Inevitably, when companies consolidate there is also a contraction in the market, creating a void that large vendors absorb or agile, ambitious players leap to fill. But in some cases, a consolidated vendor can address a gap that already existed. And it seems that Capital IQ may be seeking to make a play for buy-side business against larger vendors. TheMarkets chief executive David Eisner says its bank backers recognized the value of the platform's research, but also realized that the market for these services was gravitating towards full-function desktop research workstations, and decided to combine its value with someone who could provide the yin to their yang. Thus, Capital IQ will incorporate TheMarkets into an integrated research platform that combines the data assets of both businesses. And unlike many mega-mergers, the process looks less likely to be distracted or derailed by technology issues, since officials say the vendors use very similar underlying technology, making it easy for their development teams to become familiar with both solutions.

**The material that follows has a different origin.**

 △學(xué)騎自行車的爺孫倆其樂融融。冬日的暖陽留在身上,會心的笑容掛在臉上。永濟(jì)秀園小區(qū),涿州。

In the best-case scenario, a vendor going through a growth spurt will grow big and strong-possibly with other acquisitions along the way - and stimulate competition among service providers, benefiting end-users with keener pricing from other vendors and by providing a viable alternative to incumbent suppliers. Worst case, it becomes bloated and sluggish, as more acquisitions weigh it down, making it even less competitive and more complacent.

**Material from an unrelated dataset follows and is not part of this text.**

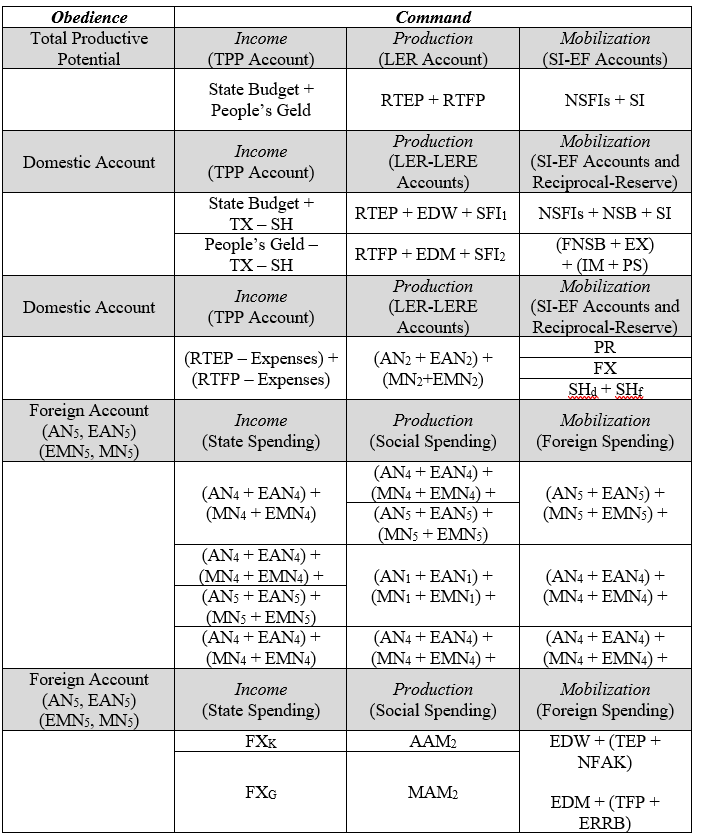 Command-Obedience Account Bookkeeping relies on every aspect of the Total Productive Potential (TPP) equation to determine the amount of Geld that the Central Bank is allowed to print into circulation. Everything points to the values for the State Budget and People’s Geld under “Income,” RTEP and RTFP under “Production,” and the NSFIs and State Investments under “Mobilization.”

But in this case, S&P seems to have an aggressive strategy to nurture its offspring: Douglas Taylor of Burton-Taylor International Consulting estimates annual spend on financial data by the investment banking sector - Capital IQ's core base - to be around $1.2 billion globally. "But the investment management industry spends around $4.7 billion on financial information, so for a reported purchase price of only $300 million, Capital IQ has expanded its addressable market by $5 billion," he says.

Finally, speaking of offspring, congratulations to IMD's US reporter Vicki Chan, who gave birth to a daughter last week. Vicki will be able to report on this breaking news personally when she rejoins us in the New Year. Until then, we offer our best wishes to Vicki, husband Mike and baby Zooey.